Stephen Russell wrote:
> On Thu, Mar 12, 2009 at 2:35 PM, Leland F. Jackson, CPA
> <[email protected]> wrote:
>   
>> The Bush Administration, through the federal reserve, which was lead by
>> Allan Greenspan, repeatedly lower the Fed interest rate to contain the
>> housing bubble and otherwise repress a recession to keep the economy and
>> war on terror going.  Somewhere along the way the relation between risk
>> a lender takes for providing captial to a borrower, and the interest
>> rate the borrower pays the lender for the loan disappeared, and is so
>> out of balance today, that the Fed interest rate have nowhere to go form
>> here but up, However, if Fed interest rates go up, it will aggravate the
>> credit crisis and housing foreclosures as mortgages would reset at
>> higher interest rates.
>>
>> Its very predictable what happens to bond/debt face values as interest
>> rates move up and down, and newer bonds come out that reflect the
>> current economic conditions.  It looks to me like the Bush
>> Administration has painted the Obama Administration into a conner by
>> removing the option to lower the Fed rate, as it has no where to go but
>> up from here.
>>
>> The Bush Administration encouraged the current mess by manipulating the
>> Fed interest rates, and many an investor was rewarded as they watched
>> the value of their bonds appreciate, as newer bonds came out paying much
>> lower returns, because of the predictable lowing of the Fed interest
>> rates which everyone anticipated.
>>     
> ------------------------------------------------
>
> Actually raising the rate to 2.0 would probably be the best statement
> that could be made.  It will force the banks out of the idea that it
> is all FREE money for a day or two.
>
> Our country needs to change the mindset of our investors and super
> bankers, currently we are trying to help them evolve.  Raising the Fed
> rate will freak out many but for the nation as a whole it will be much
> faster getting us out of our hole.
>
>   

The Bush Administration and Allen Greenspan should have let the housing 
market make an ordinary correction, rather than repressing a downturn.  
By repressing a correction with interest rate manipulation, among other 
thing,  they allowed the bubble to continue to grow, and as the pressure 
built, they kept pressing it back down, until it finally exploded with 
catastrophic consequences.

The Bush Administration should have allow a normal correction/slowdown 
to occur, and confronted potential problems in the housing boom.  For 
example rules should have been in place that prevented loans to 
borrowers that resulted in mortgage payments greater than 1/3 of 
borrower's monthly income, oversight with checks and balances that 
required lenders to obtain honest financial information necessary to 
make lending decision only to credit worth borrowers, and realistic 
interest rate to insure a proper relationship between the lenders risk 
and the borrowers interest rate for a mortgage.  This would have allowed 
the home builders to slow down and adjust, instead of way over building  
homes that were place with risky borrowers with the inevitable high 
default rates on loans, and the corresponding sever recession that put 
so many builders out of business.

Also, Wall Street practices that allowed credit derivatives, like CDS, 
to be freely traded in the OTC market, perhaps passing through 15 or 20 
investor's hands, most of whom had no vested interest in the underlying 
debt upon which the derivative were priced, should have been made 
illegal.  The big banks that sold CDS had no way to value their 
liability from the CDS exposure, so they didn't even bother to provide a 
reserve on their balance sheets for potential CDS losses.

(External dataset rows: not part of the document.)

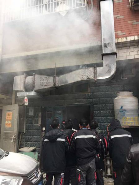 當時飯店還沒有開門,兩人圍著飯店找了一圈才發(fā)現(xiàn),是后門廚房的油煙機著火了;饎菀呀(jīng)很大,兩人沒多想,立馬跑回單位取滅火器,并呼叫救援。再次折回的二人抱著滅火器就沖進了火場。
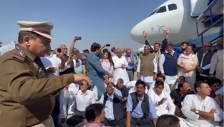 Delhi Airport: एयरपोर्ट पर पुलिस ने कांग्रेस नेता को विमान से उतारा नीचे, समर्थक बैठे धरने पर
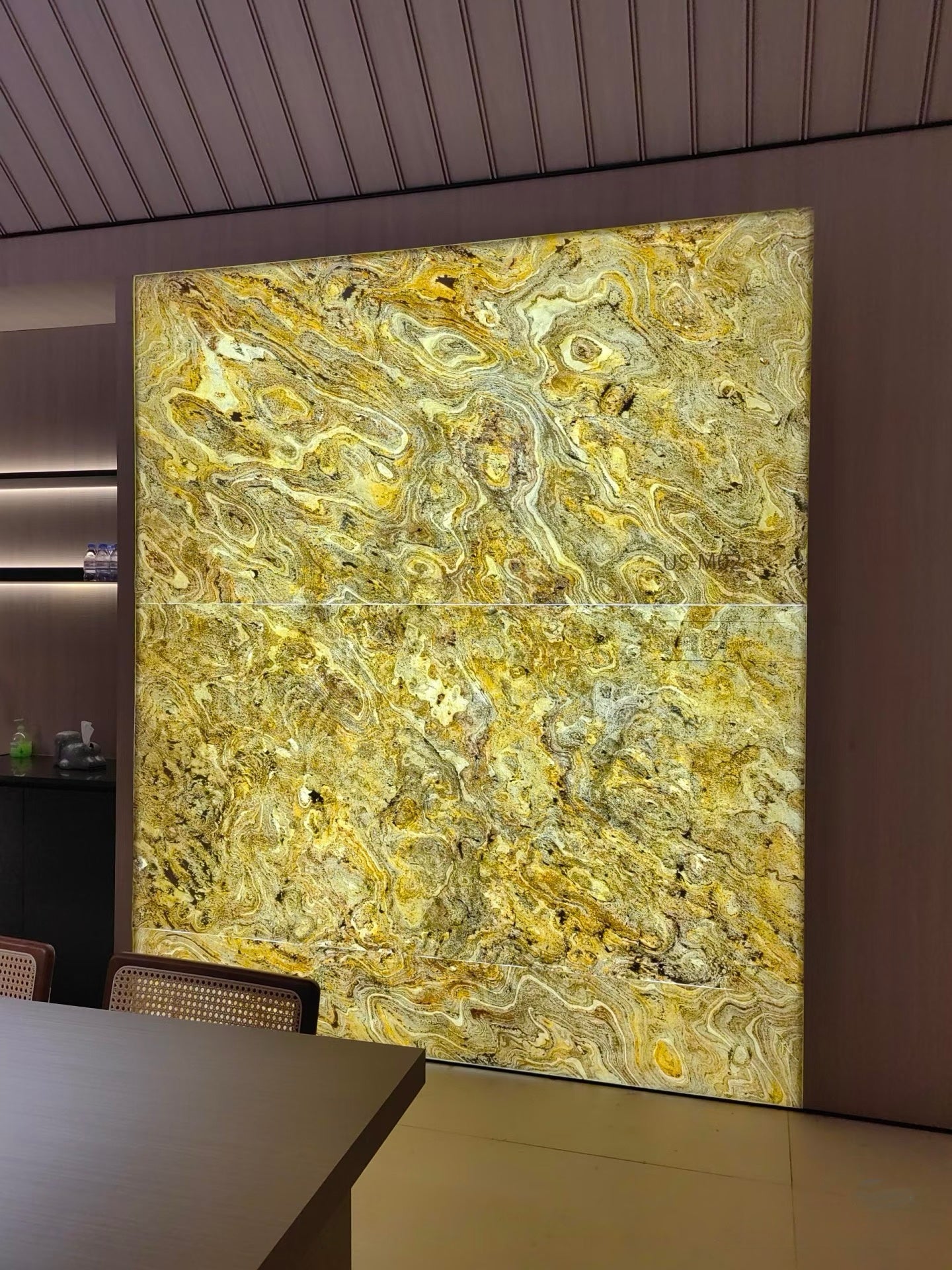 Golden Haze displays a layered palette of amber, ochre, and soft rose gold with flowing mineral movement. As a translucent natural stone veneer, it is designed for use in backlit applications, producing a warm, glowing effect that enhances the stone's depth and color variation. Ideal for illuminated wall panels, hospitality counters, or interior accents that call for a rich and inviting natural surface.

Things like CDS should have be classified and regulated as a kind of 
insurance with proper reserves maintained to meet potential obligations, 
and a program to re-insure, (eg buy CDS from other insurance companies 
from around the country, and seed, (eg sell the CDS written to other 
insurance companies around the country), would have spread the risk, so 
a single company would not be overly exposed/extended if a downturn 
occurred, and forced into bankruptcy.